O estudo também chama atenção para efeitos logísticos


O estudo também chama atenção para efeitos logísticos
O estudo também chama atenção para efeitos logísticos – Foto: Divulgação

A intensificação de conflitos no Médio Oriente começa a produzir efeitos diretos sobre economias de outras regiões, com impactos previstos no crescimento, na inflação e na estabilidade financeira. Países mais dependentes de importações energéticas e cadeias logísticas globais tendem a sentir esses reflexos de forma mais acentuada.

Um relatório conjunto apresentado por Comissão da União Africana, Banco Africano de Desenvolvimento, UNECA e PNUD aponta que o crescimento económico africano pode recuar até 0,2% em 2026 . O documento destaca que o continente ainda enfrenta um processo de recuperação após choques recentes e pode ser novamente pressionado por fatores externos.

Entre os principais impactos estão a alta nos preços de combustíveis, alimentos e fertilizantes, além de perturbações no comércio e nas cadeias de abastecimento. A forte dependência energética da região agrava o cenário, já que grande parte do petróleo importado tem origem no Médio Oriente. Como consequência, diversos países já registram desvalorização cambial e maior volatilidade nos mercados.

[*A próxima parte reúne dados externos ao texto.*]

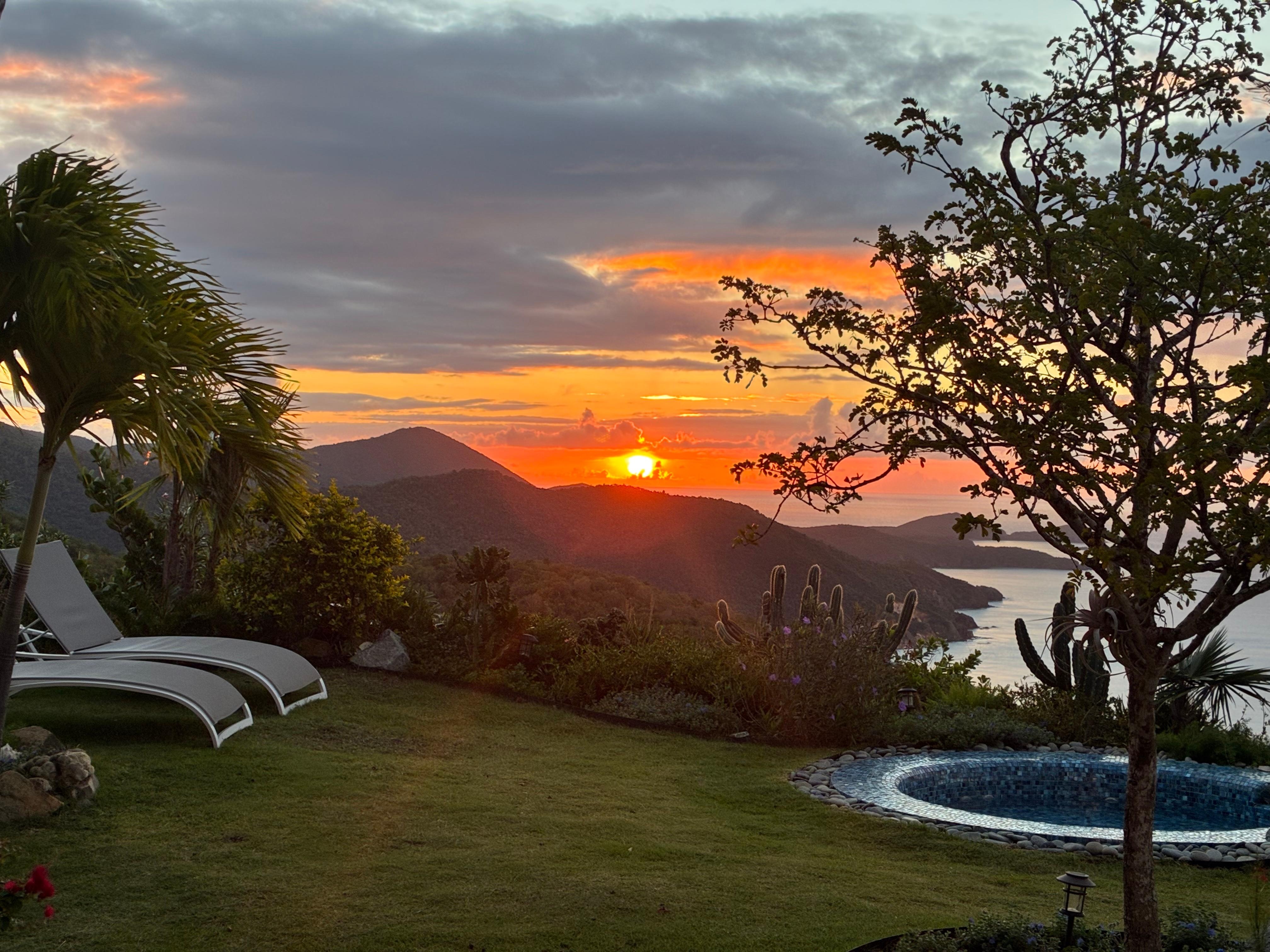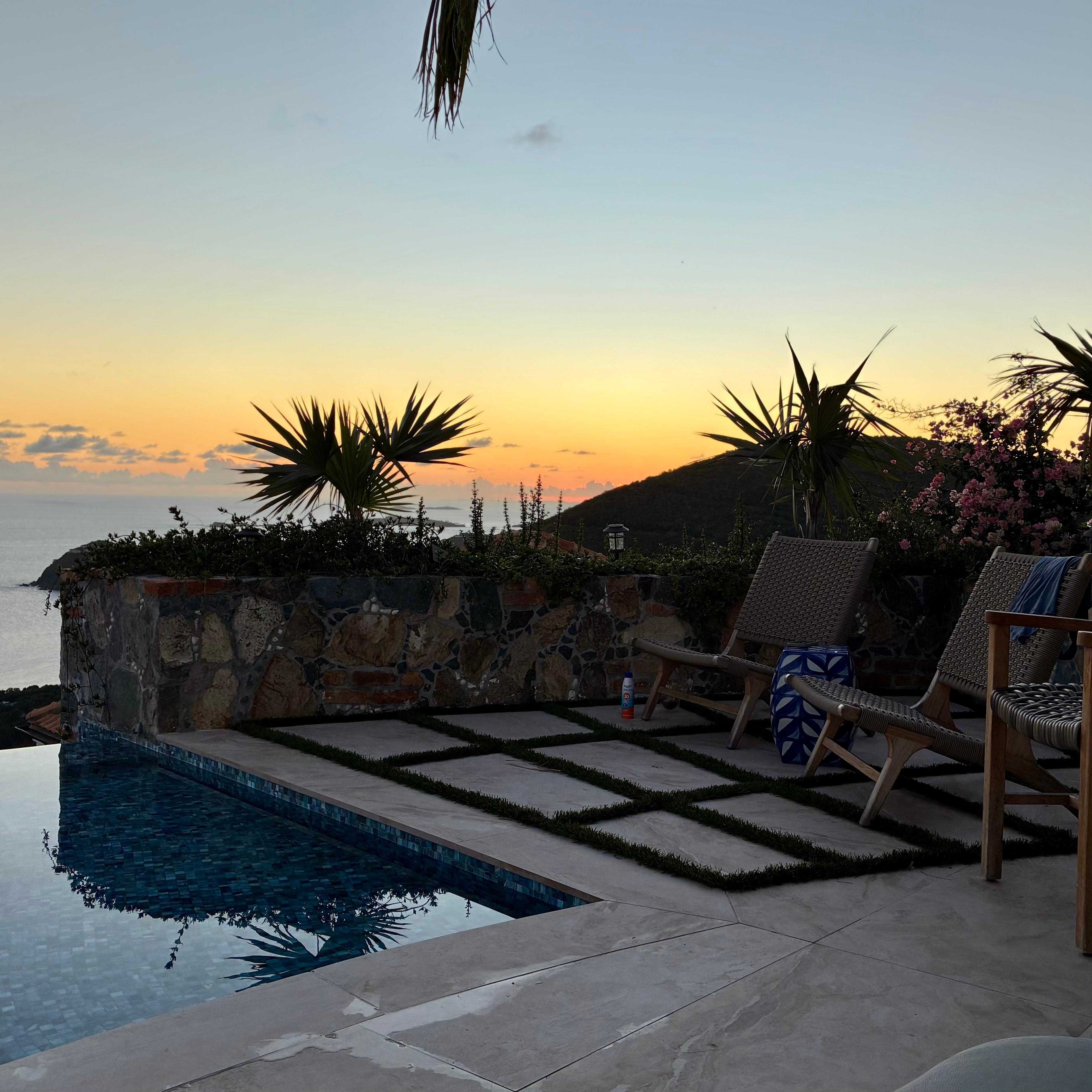 Sol Inclination is a sun-drenched, secluded, tropical island retreat. This stunning four bedroom four and-a half bath luxury villa (located in Skytop, on the very top of Estate Fish Bay) commands nearly 360 degree sweeping views that will truly leave you breathless. Enjoy captivating sunrises over Ram’s Head and sunsets into Chocolate Hole.

O estudo também chama atenção para efeitos logísticos, especialmente após restrições em rotas estratégicas de transporte marítimo, o que encarece fretes e dificulta fluxos comerciais. Diante desse contexto, a recomendação central é evitar decisões precipitadas que possam comprometer o equilíbrio fiscal.

As orientações incluem controle estratégico da inflação, disciplina na gestão de receitas extraordinárias e adoção de medidas sociais temporárias e focalizadas. O relatório ainda defende maior integração regional, diversificação energética e avanço na implementação de iniciativas continentais de comércio e financiamento, como forma de reforçar a resiliência econômica.